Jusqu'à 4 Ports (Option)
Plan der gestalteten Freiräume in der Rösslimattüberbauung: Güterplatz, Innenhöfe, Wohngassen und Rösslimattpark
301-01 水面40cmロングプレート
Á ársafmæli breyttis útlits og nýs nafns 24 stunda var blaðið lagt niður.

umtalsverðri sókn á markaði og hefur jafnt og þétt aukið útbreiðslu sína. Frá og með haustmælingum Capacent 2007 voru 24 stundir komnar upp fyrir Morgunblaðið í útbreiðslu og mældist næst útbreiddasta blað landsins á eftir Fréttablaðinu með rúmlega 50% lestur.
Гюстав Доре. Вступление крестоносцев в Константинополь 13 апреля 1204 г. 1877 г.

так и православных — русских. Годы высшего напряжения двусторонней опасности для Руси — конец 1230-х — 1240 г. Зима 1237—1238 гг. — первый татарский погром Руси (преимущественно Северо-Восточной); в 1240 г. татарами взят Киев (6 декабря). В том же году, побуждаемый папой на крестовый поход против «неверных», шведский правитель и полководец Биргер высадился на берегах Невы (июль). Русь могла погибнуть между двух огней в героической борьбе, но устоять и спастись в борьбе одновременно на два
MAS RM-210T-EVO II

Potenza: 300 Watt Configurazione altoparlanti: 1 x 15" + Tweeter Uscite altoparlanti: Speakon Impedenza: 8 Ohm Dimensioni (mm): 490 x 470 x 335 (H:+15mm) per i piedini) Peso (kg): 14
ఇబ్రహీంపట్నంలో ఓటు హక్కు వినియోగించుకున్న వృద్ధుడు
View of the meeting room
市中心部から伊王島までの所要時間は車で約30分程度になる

----------

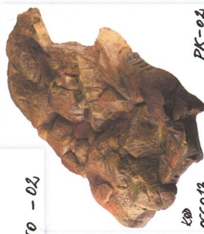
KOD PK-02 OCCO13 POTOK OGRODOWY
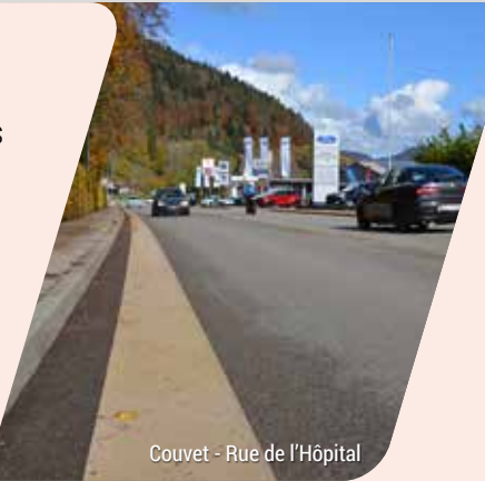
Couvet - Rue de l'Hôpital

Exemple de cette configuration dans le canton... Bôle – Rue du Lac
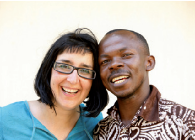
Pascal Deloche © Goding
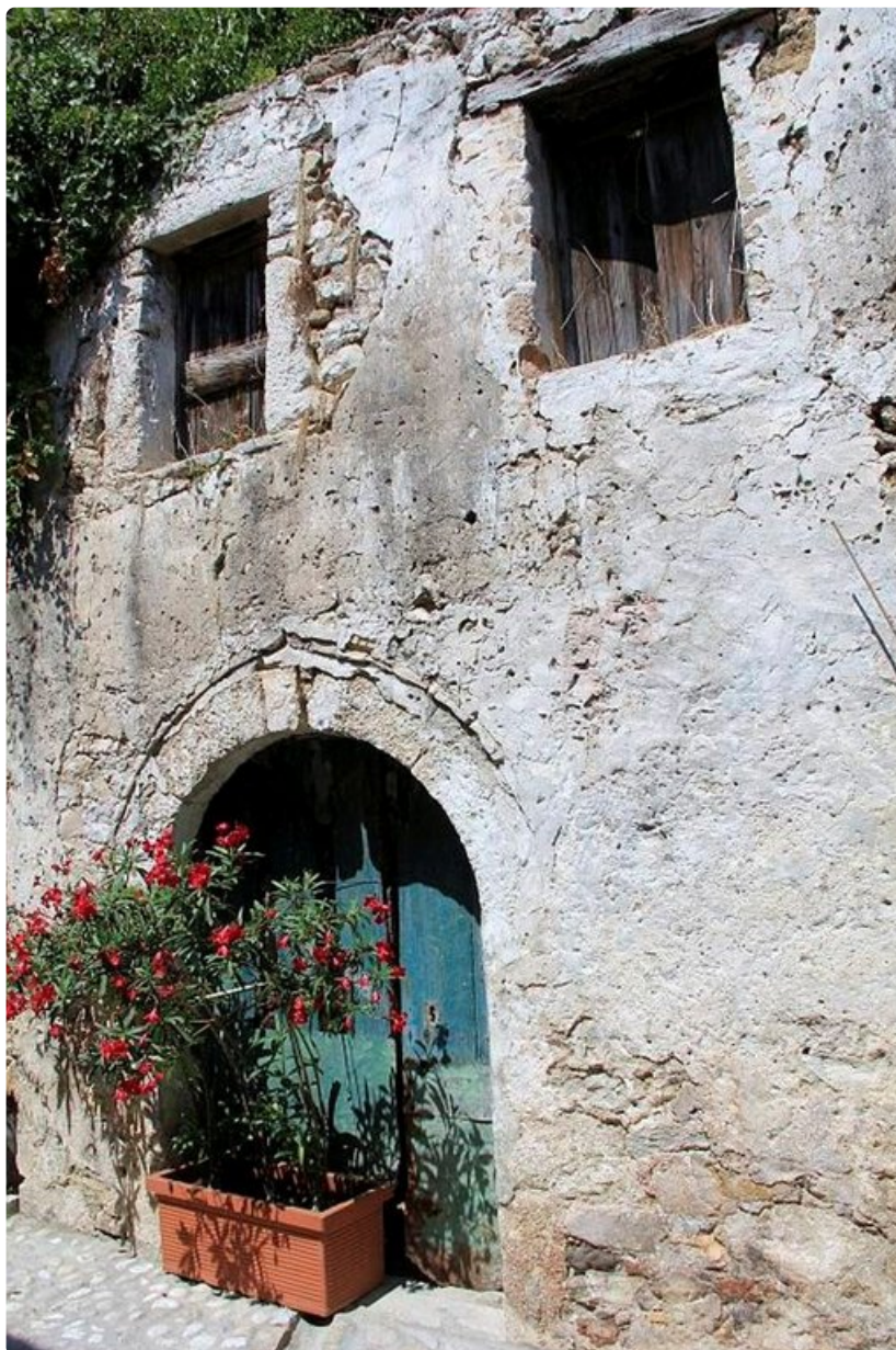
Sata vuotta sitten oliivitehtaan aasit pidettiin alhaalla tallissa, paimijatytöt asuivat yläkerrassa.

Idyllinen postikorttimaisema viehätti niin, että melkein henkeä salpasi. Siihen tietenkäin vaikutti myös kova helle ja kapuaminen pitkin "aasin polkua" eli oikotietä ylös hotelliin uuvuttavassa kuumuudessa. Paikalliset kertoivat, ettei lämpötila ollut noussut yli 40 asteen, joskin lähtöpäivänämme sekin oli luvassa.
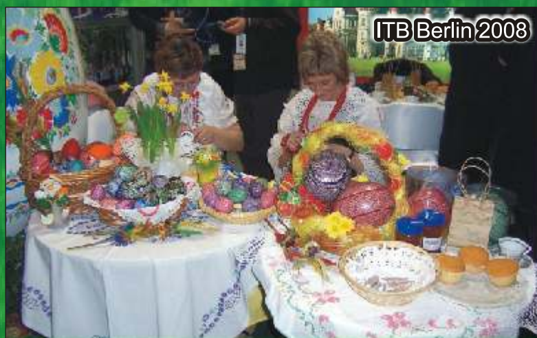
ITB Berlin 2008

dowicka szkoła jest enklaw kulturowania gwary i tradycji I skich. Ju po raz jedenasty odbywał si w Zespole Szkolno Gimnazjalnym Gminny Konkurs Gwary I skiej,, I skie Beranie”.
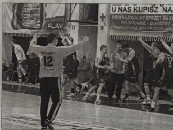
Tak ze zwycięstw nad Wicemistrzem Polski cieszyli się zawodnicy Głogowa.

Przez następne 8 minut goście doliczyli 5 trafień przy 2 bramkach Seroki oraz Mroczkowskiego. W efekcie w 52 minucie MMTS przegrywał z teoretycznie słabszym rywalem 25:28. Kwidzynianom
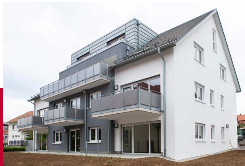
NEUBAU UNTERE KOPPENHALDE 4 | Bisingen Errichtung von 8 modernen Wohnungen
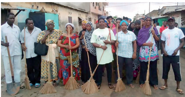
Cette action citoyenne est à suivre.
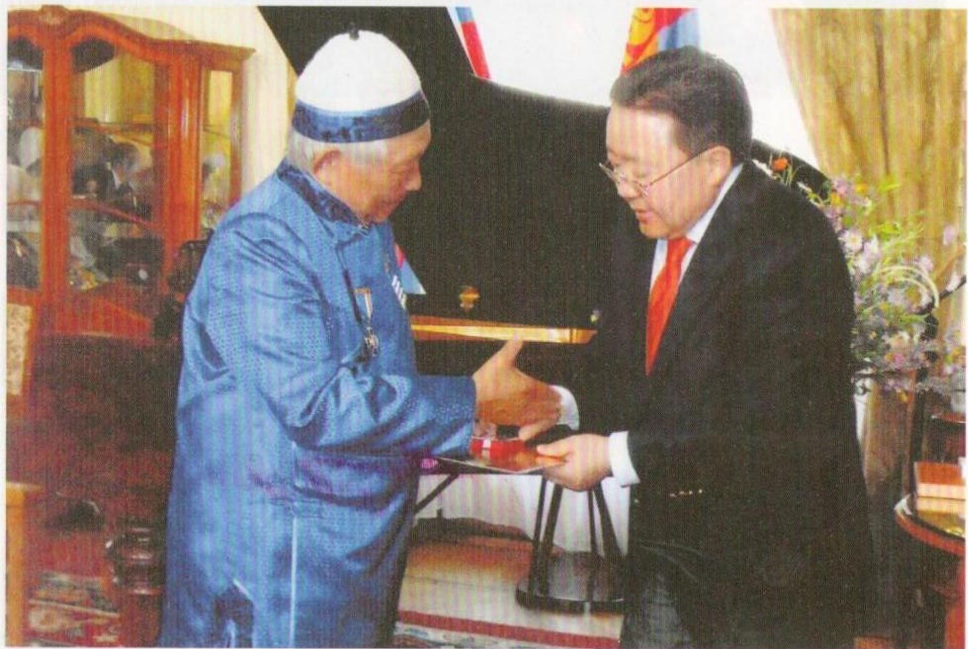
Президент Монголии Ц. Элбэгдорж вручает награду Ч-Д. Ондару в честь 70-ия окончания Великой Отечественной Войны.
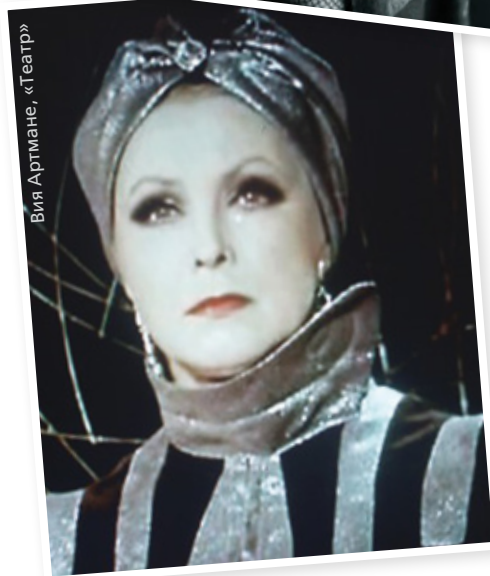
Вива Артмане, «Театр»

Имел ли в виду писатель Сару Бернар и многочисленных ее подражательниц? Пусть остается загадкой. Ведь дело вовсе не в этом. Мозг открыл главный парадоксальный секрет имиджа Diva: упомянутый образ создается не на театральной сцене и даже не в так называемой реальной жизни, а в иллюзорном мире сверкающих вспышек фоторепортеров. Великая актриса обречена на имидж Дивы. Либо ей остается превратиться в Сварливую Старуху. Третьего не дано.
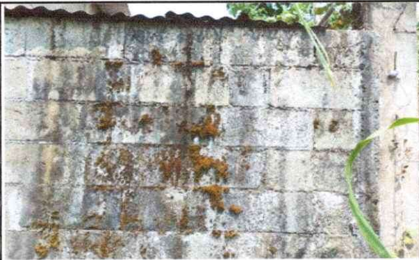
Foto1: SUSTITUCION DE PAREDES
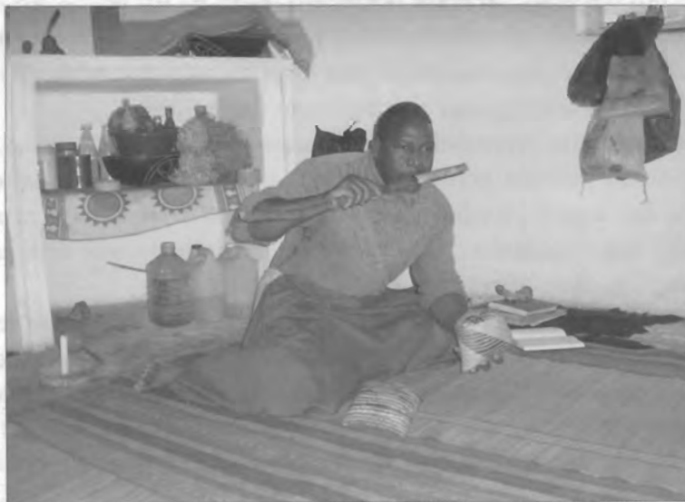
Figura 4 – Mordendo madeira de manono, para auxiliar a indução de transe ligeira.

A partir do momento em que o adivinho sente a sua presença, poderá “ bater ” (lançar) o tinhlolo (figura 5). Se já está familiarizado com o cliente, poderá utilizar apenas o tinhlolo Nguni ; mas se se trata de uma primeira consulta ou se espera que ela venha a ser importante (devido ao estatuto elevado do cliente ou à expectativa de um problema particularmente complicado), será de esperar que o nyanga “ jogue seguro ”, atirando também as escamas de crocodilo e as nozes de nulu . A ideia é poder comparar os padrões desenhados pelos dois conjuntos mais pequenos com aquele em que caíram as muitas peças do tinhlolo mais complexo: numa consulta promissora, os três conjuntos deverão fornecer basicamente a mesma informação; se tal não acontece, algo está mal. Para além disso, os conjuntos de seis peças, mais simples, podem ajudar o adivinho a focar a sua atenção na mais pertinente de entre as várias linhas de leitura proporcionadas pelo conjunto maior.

----------

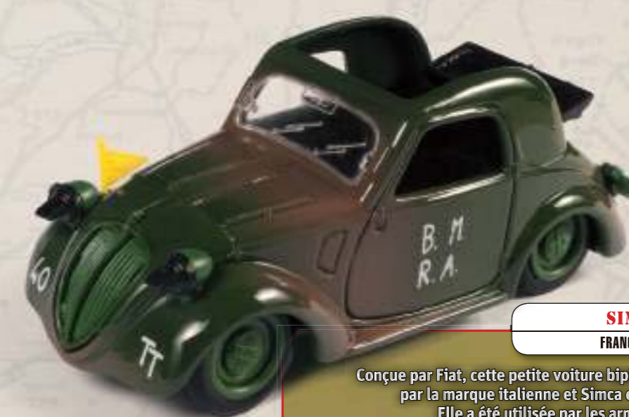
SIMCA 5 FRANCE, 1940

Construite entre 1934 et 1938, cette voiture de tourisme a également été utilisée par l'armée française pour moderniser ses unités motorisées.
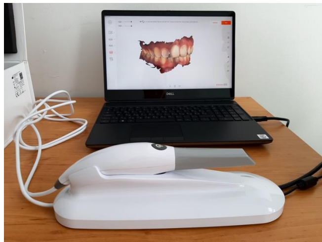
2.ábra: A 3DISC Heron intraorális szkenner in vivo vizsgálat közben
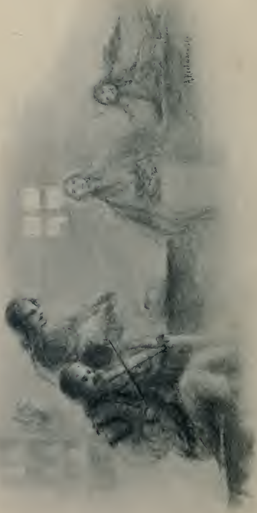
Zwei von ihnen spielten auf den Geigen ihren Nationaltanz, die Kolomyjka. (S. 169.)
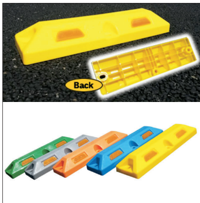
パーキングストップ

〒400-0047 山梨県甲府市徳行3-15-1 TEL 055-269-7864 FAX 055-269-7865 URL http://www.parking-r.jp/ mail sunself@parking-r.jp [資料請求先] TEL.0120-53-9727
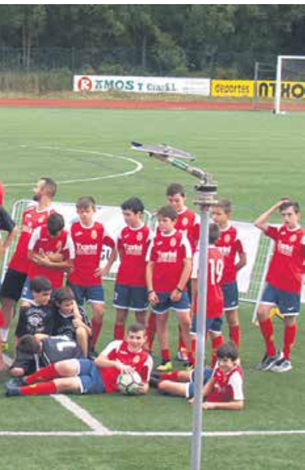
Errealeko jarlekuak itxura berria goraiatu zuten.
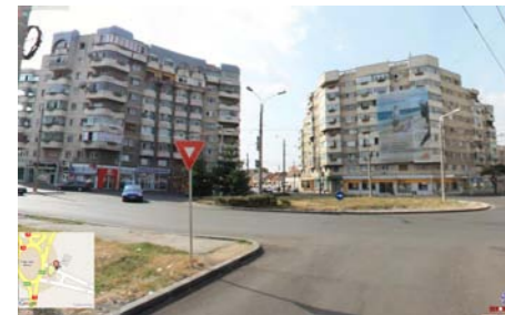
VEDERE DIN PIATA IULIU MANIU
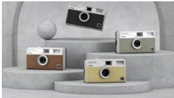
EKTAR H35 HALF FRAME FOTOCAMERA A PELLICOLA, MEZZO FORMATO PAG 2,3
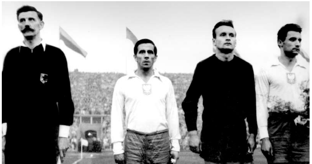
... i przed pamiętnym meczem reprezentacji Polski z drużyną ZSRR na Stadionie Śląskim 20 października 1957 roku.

----------

- [YOUR TASK]:
Answer with a number alone. It should equal the count of lines in the entries that hold "Polski".

- [RESPONSE AREA]:
2